In one word (heni de logȏi), the man who has no natural kinship with this matter (ton mȇ sungenȇ tou pragmatos) cannot be made akin to it by quickness of learning (out’ an eumatheia poiȇseien pote) or memory (oute mnȇmȇ); for it cannot be engendered at all in natures which are foreign to it (tȇn archȇn gar en allotriais hexesin ouk engignetai). Therefore (hȏste), if men are not by nature and kinship allied to justice and all other things that are honourable (hoposoi tȏn dikaiȏn te kai tȏn allȏn hosa kala mȇ prosphueis eisin kai sungeneis), though they may be good at learning and remembering other knowledge of various kinds (alloi de allȏn eumatheis hama kai mnȇmones) – or if they have the kinship (oud’ hosoi sungeneis) but are slow learners (dusmatheis de) and have no memory (kai amnȇmones) – none of all these (oudenes toutȏn) will ever learn to the full the truth about virtue (mȇpote mathȏsin alȇtheian aretȇs eis to dunaton) and vice (oude kakias). For both must be learnt together (hama gar auta anankȇ manthanein); and together also must be learnt, by complete and long continued study, as I said at the beginning, the true and the false about all that has true being (kai to pseudos hama kai alȇthes tȇs holȇs ousias, meta tribȇs pasȇs kai chronou pollou, hoper en archais eipon). After much effort (mogis de), as names, definitions, sights, and other data of sense, are brought into contact and friction one with another (tribomena pros allȇla autȏn hekasta, onomata kai logoi opseis te kai aisthȇseis), in the course of scrutiny and kindly testing (en eumenesin elenchois elenchomena) by men who proceed by question and answer without ill will (kai aneu phthonȏn erȏtȇsesin kai apokrisesin chrȏmenȏn), with a sudden flash there shines forth understanding about every problem (exelampse phronȇsis peri hekaston, 344b7), and an intelligence  whose efforts reach the furthest efforts of human powers (kai nous sunteinȏn hoti malist’ eis dunamin anthrȏpinȇn). (342a3-344c1, tr. Harward)

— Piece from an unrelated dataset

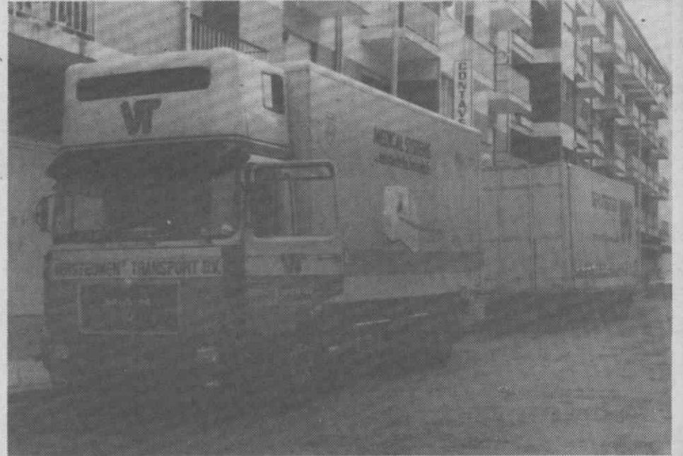
O «trailer» que efectuou o transporte da Holanda para Aveiro dos cerca de cem mil contos de equipamento.
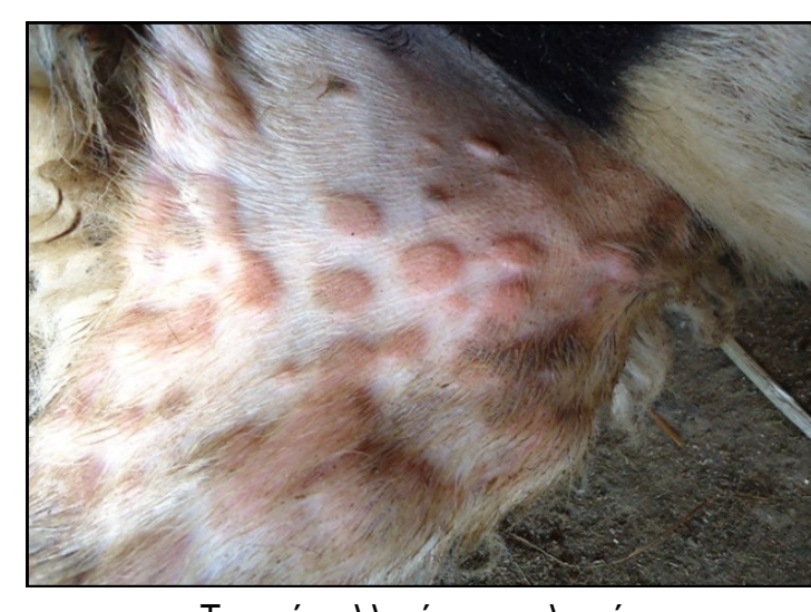
Τυπικές αλλοιώσεις ευλογιάς. Κόκκινα σπυριά (βλατίδες).

Bury translates 344b7 more to the point: ‘there bursts out the light of intelligence and reason regarding each object (exelampse phronȇsis peri hekaston), for Plato speaks about perceiving the Forms by the human intelligence, not about ‘understanding about every problem’. Cf. the statement with which Plato started this whole discussion: ‘For everything that exists (estin tȏn ontȏn hekastȏi) there are three instruments by which the knowledge of it is necessarily imparted (di’ hȏn tȇn epistȇmȇn anankȇ paragignesthai, tria); fourth, there is the knowledge itself (tetarton d’ autȇ), and, as fifth (pempton d’), we must count the thing itself (auto tithenai dei) which is known (ho dȇ gnȏston te) and truly exists (kai alȇthȏs estin on, 342a7-b1).